I thought deeply to myself,
“But my friend, in the place where our numbers are less than them,
they claim the same thing, echo the same sermon,
that we are in the wrong, that we are the ones
who waged the chains of fury.

“But I won’t destroy one’s prayer house
just because some people somewhere,
who weren’t even our ‘different’ but kind neighbors,
destroy mine.

“Because I don’t want to do things
that I don’t want others to do to me.”

But those words didn’t even leave my tongue,
because I could see how you fumed,
and it’s already 7 p.m. I needed to go home.
 
III.
 
As I walked home, I saw another Brother and Sister
lining up for rations meant for those who couldn’t afford them.
“What are you doing?” I asked.
“Queuing for our portion,” they replied.
“But aren’t these for those truly in need?” I pressed.
“We got our tickets, rice in bags of seven,” they reasoned.
“Wouldn’t it be a waste not to use them?”
 
Strange, I perceived as I walked away,
there was so much waste on the table,
during your fancy fine-dining date
you posted on your Instagram account last night.
 
IV.

“Oh, there she goes again, bags worth millions, makeup overpriced,”
you muttered as soon as I sat next to you at the office.
You were busy scrolling your friend’s feed
that you keep checking so often.

“Why another pilgrimage so soon? Just seven months since the last,” you scoffed.
“Could her journey’s cost not aid those in dire need instead?”

Curiously, I asked, “Oh, what about you? Do you also want to go?”
“Well, of course I do.
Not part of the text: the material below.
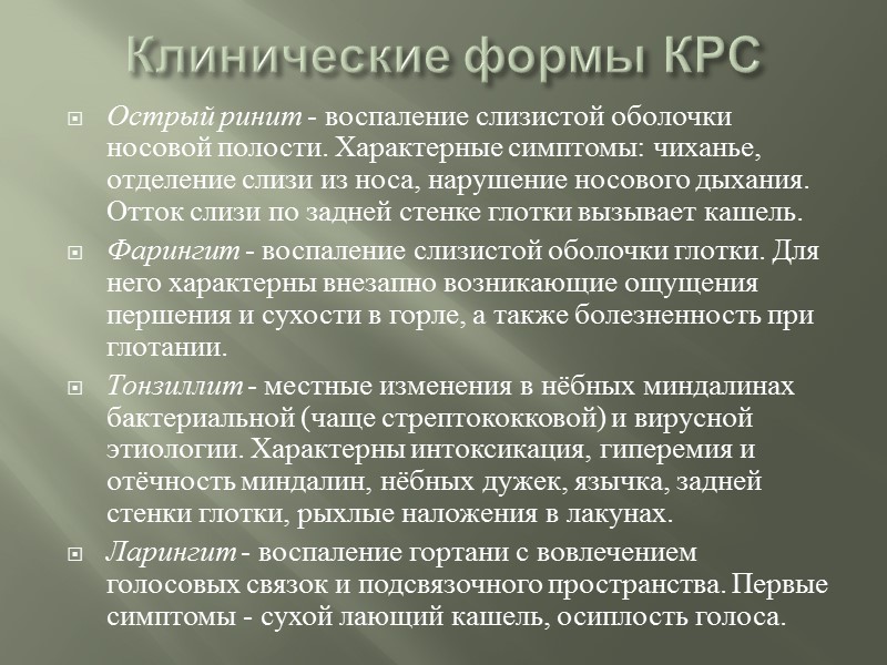 Клинические формы КРС Острый ринит - воспаление слизистой оболочки носовой полости. Характерные симптомы: чиханье, отделение слизи из носа, нарушение носового дыхания. Отток слизи по задней стенке глотки вызывает кашель. Фарингит - воспаление слизистой оболочки глотки. Для него характерны внезапно возникающие ощущения першения и сухости в горле, а также болезненность при глотании. Тонзиллит - местные изменения в нёбных миндалинах бактериальной (чаще стрептококковой) и вирусной этиологии. Характерны интоксикация, гиперемия и отёчность миндалин, нёбных дужек, язычка, задней стенки глотки, рыхлые наложения в лакунах. Ларингит - воспаление гортани с вовлечением голосовых связок и подсвязочного пространства. Первые симптомы - сухой лающий кашель, осиплость голоса.

Who does not?” you quickly replied.
“Well, have you aided those in need?” I mirrored your words.

“Oh, I wish I had the luxury. I barely have any penny!”
you said so indifferently, as
you reached for the same brand of make-up
from the bag of the same brand owned by
the friend you obsess about.

V.

I went to the pantry,
for a speedy respite.
and found another soul.
Holding a cup of tea,
your smile full on.
Out of courtesy, I initiated
a conversation:

“Brother, have you seen the 7 a.m news?”
“No, what is it about?” you replied.
“One devout leader was arrested for assaulting women.”
“Oh, God will surely protect him, for his long service to Him,” you believe.
“But what about the women?” I quizzed, slightly livid.
“Well they might have donned revealing clothes,
that such a pious person could get tangled in their honey trap,”
you countered, and added, smirking,
“Even I would do the same thing,
because unlike the man, I am not as staunch.”
 
I shook my head, repelled.
“And what about the boys,
the innocent children,
touched and tarnished
the other day,
by another
dutiful man?”
I challenged,
“Surely, they did not tempt him.”
 
You have yet to answer.
 
VI.

Now, if I recall,
there was this one time
I feared humans most.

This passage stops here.